Several methods have been developed to reconstruct fire histories using charcoal preserved in soils and sediments. Although the study of soil and sedimentary charcoal is based on slightly different premises, both generally involve a two-phase process of extraction of charcoal fragments followed by analysis of the charcoal assemblages [8, 11, 19]. Conventional extraction techniques include: 1) preparation of petrographic thin sections of sediment [20, 21]; 2) recovery of charcoal together with pollen grains from sedimentary records using standard pollen extraction procedures [20, 22]; 3) dispersion (and occasionally bleaching or digestion) of soil or sediment followed by filtration through one or various nested sieves [23–26]; 4) density separation of sediments using heavy liquid with a specific gravity of 2.2 g/cm^3^ with optional bleaching [27]; 5) water flotation of soils [28]; 6) dry or wet sieving of soils [28, 29]; and 7) hand-picking or hand-sorting soil charcoal under binocular magnifying lens [28, 29]. The analysis of extracted charcoal may then proceed in a variety of ways to gather information on fire regimes, fuel types, and chronologies of fire occurrence. In addition to the taxonomic analysis of charcoal assemblages and radiocarbon dating of charcoal fragments, the most common approach to analyze charcoal in paleofire reconstructions is through quantification of the number of fragments and 2-dimensional morphological measurements, such as fragment area, length, and width [6, 7, 18, 19, 30, 31].

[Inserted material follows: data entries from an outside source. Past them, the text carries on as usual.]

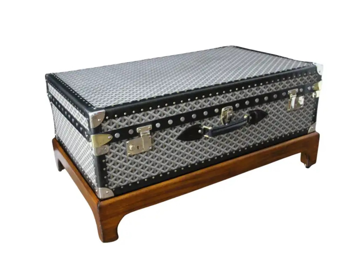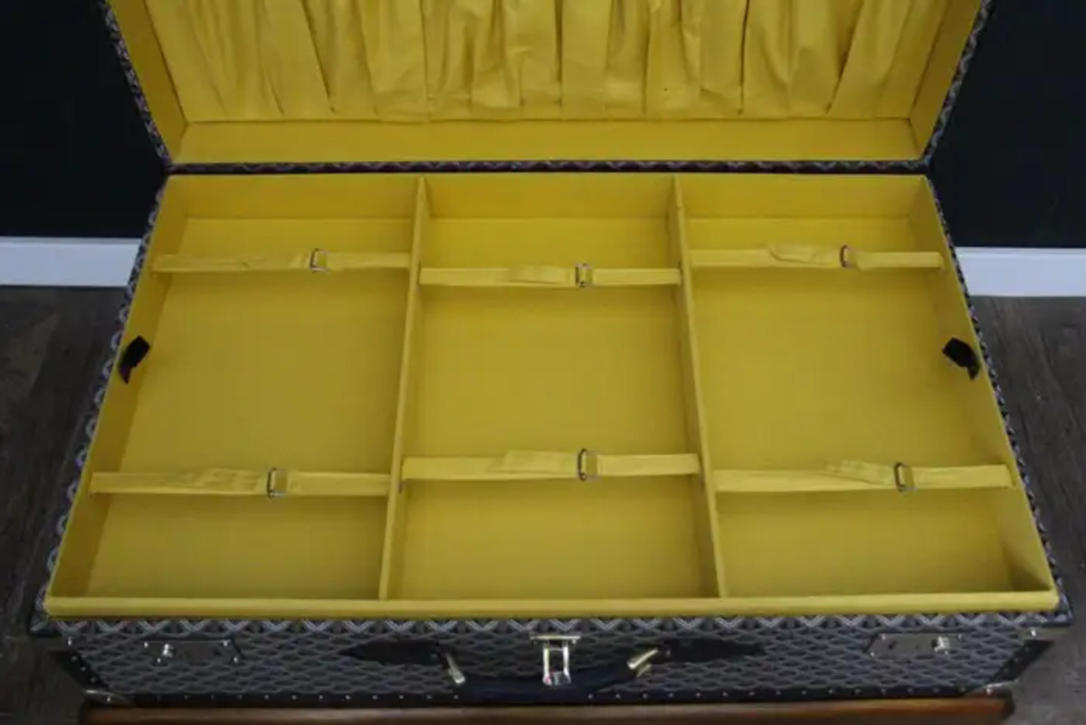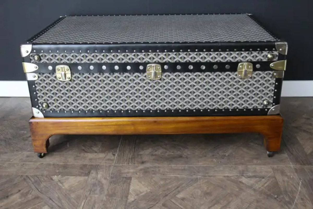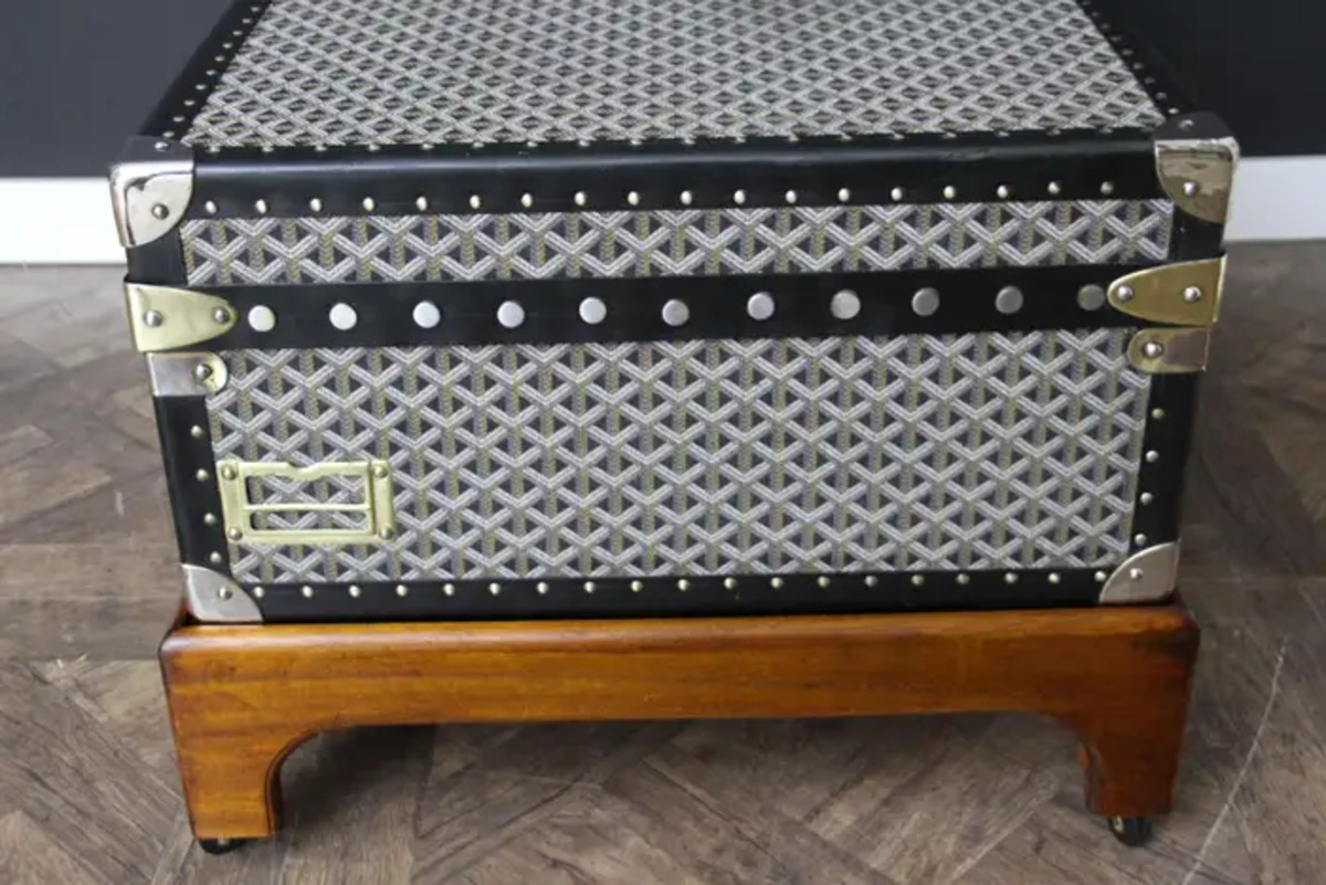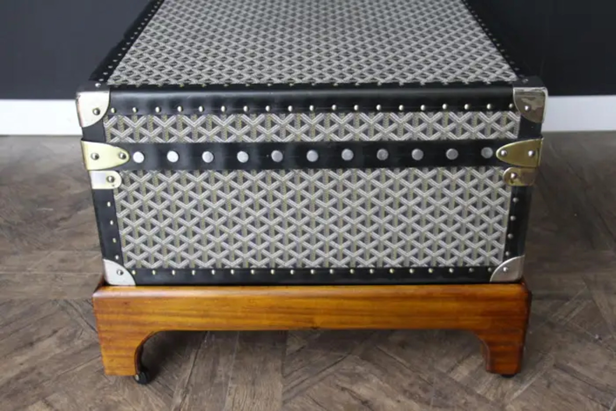 Il est donc parfait pour le rangement. Cette malle Goyard, à elle seule, ne mesure que 26 cm de haut. A noter que son support en bois amovible a été réalisé sur mesure afin de porter sa hauteur totale de 26 cm à 40 cm, soit la hauteur parfaite pour une utilisation en table basse ou en bout d’un lit.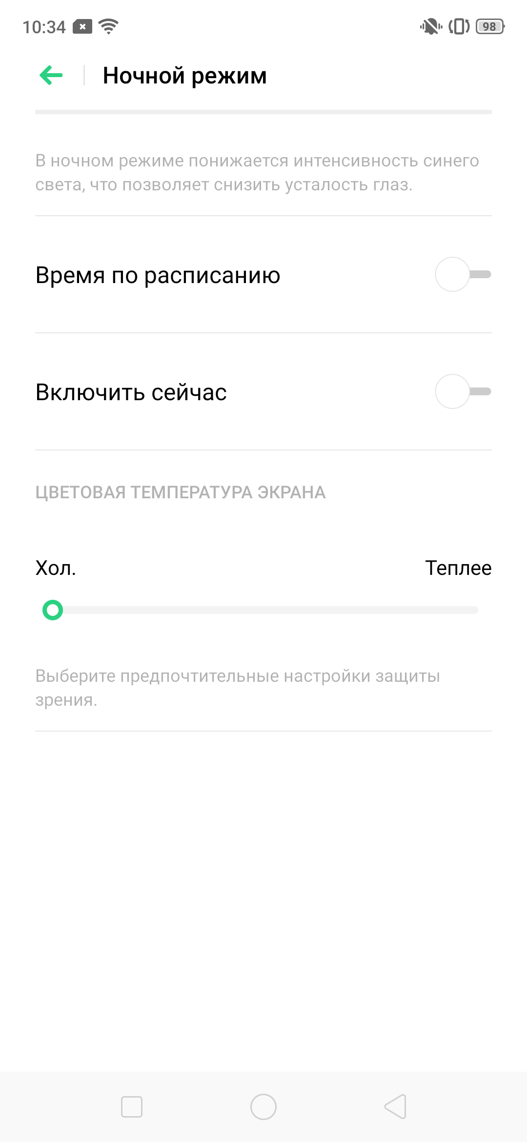 Впрочем, особой необходимости в ручной коррекции цветового баланса нет. В настройках можно уменьшить интенсивность синей компоненты: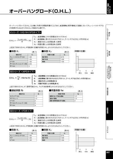 オプション技術資料制御部仕様VF3S/VF3Fタイプ同心中空軸・同心中実軸F3Sタイプ/直交軸VHタイプ直交軸VG/APGタイプ平行軸バッテリー電源ギアモータオーバーハングロード(O.H.L.)オーバーハングロード(O.H.L.)とは軸に作用する懸垂荷重のことであり、減速機軸と相手機械との連結においてチェーン・ベルト・ギアなどを使用すれば必ずこのO.H.L.の検討が必要です。Vシリーズ<VG/VH/VF3タイプ>O.H.L.=TLE×K1×K2R(N)TLE:減速機軸にかかる等価出力トルク(N・m)R:減速機軸に取り付けられるスプロケット、プーリ、ギアなどのピッチ円半径(m)K1:連結方式による係数[表-1]参照K2:荷重位置による係数[表-2]参照上記式で求めたO.H.L.が性能表に記載の許容O.H.L.より小さくなるようにしてください。■係数K1■係数K2[表-1][表-2]連結方式K1荷重の位置1.00チェーン・タイミングベルト1.25ギア1.50Vベルト平ベルト(テンションプーリ付)2.25平ベルト3SDシリーズ<APGタイプ>軸の根元軸の中央軸端K20.751.001.50〈荷重の位置〉根元中央軸端上記式で求めたO.H.L.が性能表に記載の許容O.H.L.より小さくなるようにしてください。■係数K1■係数K2[表-5][表-6]連結方式チェーン・タイミングベルトギアVベルトK11.001.251.50荷重の位置軸の根元軸の中央軸端K20.751.001.50〈荷重の位置〉根元中央軸端957減速機軸にかかる等価出力トルク(N・m)減速機軸に取り付けられるスプロケット、プーリ、ギアなどのピッチ円半径(m)連結方式による係数[表-3]荷重の程度による係数[表-4]::::TLERfbfwO.H.L.=TLER×fb×fw(N)上記で求めたO.H.L.が、使用可能O.H.L.FxP.958参照)より小さくなるようにしてください。■連結係数fb■荷重係数fw[表-3]連結方法fbタイミングベルトギア・チェーンVベルト平ベルト(テンションプーリ付)平ベルト1.21.3234荷重の程度衝撃のない円滑な運転普段の運転振動・衝撃荷重を伴う運転1.21.32[表-4]fwSDシリーズ<F3タイプ>O.H.L.=TLE×K1×K2R(N)TLE:減速機軸にかかる等価出力トルク(N・m)R:減速機軸に取り付けられるスプロケット、プーリ、ギアなどのピッチ円半径(m)K1:連結方式による係数[表-5]参照K2:荷重位置による係数[表-6]参照
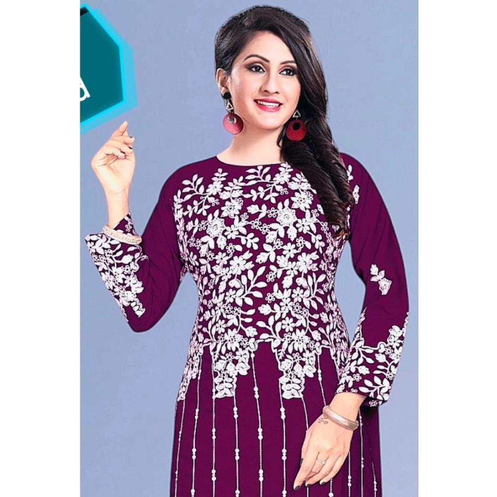 Women’s Rayon Printed Round Neck 3-4th Sleeve Kurti (Purple)

Charcoal quantification (i.e., counting and measurement of charcoal fragments) is usually performed with the naked eye, a stereo microscope, or a compound microscope, depending on the size of the charcoal fragments. Manual analysis of charcoal is a time-consuming and subjective task that can be replaced with semi-automated or fully automated analysis of microscope images or live videos using a microscope camera and image software with integrated digital measurement tools. Image thresholding (i.e., classification of pixels into two classes using a cut-off value to differentiate dark charcoal fragments from the background) and automated counting and measurement of isolated charcoal is a conventional method, often carried out using software such as the open-source ImageJ or the proprietary WinSEEDLE (Regent Instruments Inc.) [32–38]. In CharTool, a suite in ImageJ, users first select each charcoal fragment manually, then the software automatically delimits the fragment by edge detection (i.e., recognition of boundaries between objects based on pixel intensity values and variation across neighboring pixels), and finally collects 21 morphometric measurements (e.g., area, perimeter, circularity) [39]. In addition to thresholding and edge detection, convolutional neural networks, a machine learning method used in computer vision, have provided promising results in charcoal detection and morphological classification [40].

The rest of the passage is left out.